Нет, Матвей ее и близко не разгадал! Так, лишь приоткрыл завесу тайны. Но в том, что эта тайна в Оксане была, он нисколько не сомневался.

Оксана подошла еще ближе, и Матвей, как будто делал это уже тысячу раз, закинул ей руки на плечи и прижался губами к макушке.

— Матвей! — шикнула Оксана, делая страшные глаза.

— Что? — улыбнулся он, убирая руки и снимая, наконец, с углей сетку с мясом. Лично он, как и Медведь, не хотел жрать бутерброды.

— Здесь же Лиля!

— И что? Пусть привыкает! Кис, зови своих девочек, пусть снимают мясо.

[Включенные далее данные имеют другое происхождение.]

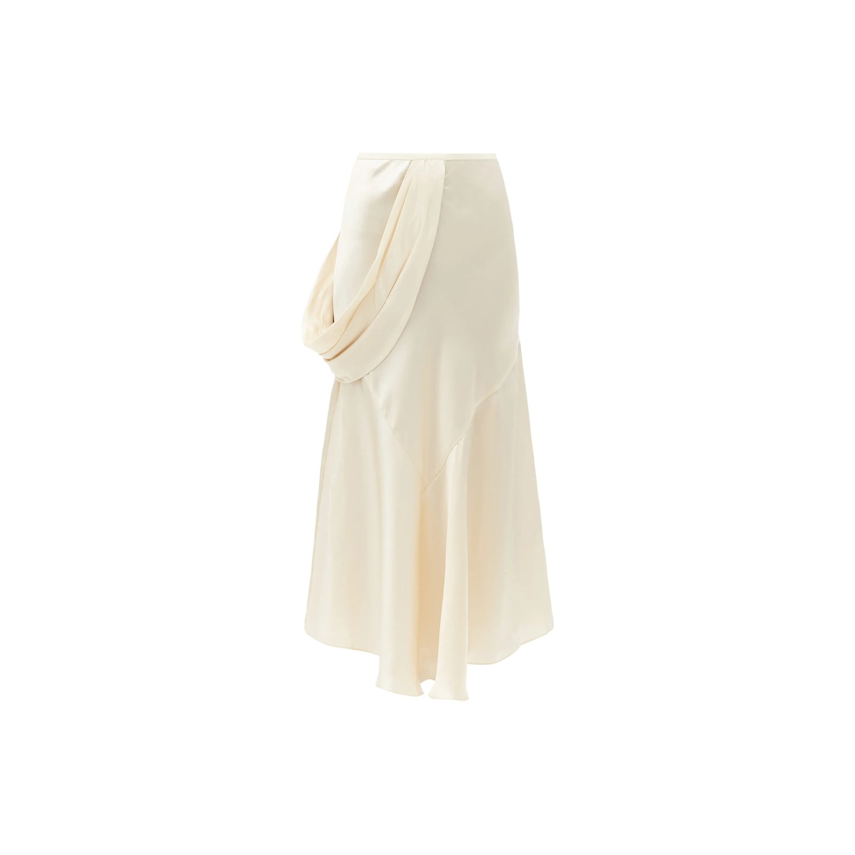 2020年秋冬コレクションより、コレクションのキーテーマとなった光沢感のあるサテン素材を使用したスカートです。優雅なドレープが、贅沢なシルクの輝きをより一層引き立てています。

Девочками Кисы Матвей называл старшую сестру друга и ее взрослую дочку. С личной жизнью у Тима не складывалось. Впрочем, никто из них не мог похвастаться семейным счастьем. Не везло им в любви, что тут скажешь. Правда, они с Васькой хотя бы по разу отметились. Сходили под венец. И развелись по итогу. Медведь даже раньше Матвея. От прошлого брака у него имелся четырнадцатилетний сын Иван, который сейчас чуть в стороне пинал мяч и то и дело бросал на Лильку настороженные взгляды. Матвей не мог не улыбнуться. Бедняга… Как он его понимал! Так уж вышло, что, к несчастью, его дочка влюбилась в этого парня. И тем самым обрекла мальчишку на муки. Она и так-то была отнюдь не пай-девочкой, а встав на тропу позерства да кокетства, и вовсе творила немыслимое. Так что Ванька Лильку откровенно побаивался и старался держаться от неё подальше.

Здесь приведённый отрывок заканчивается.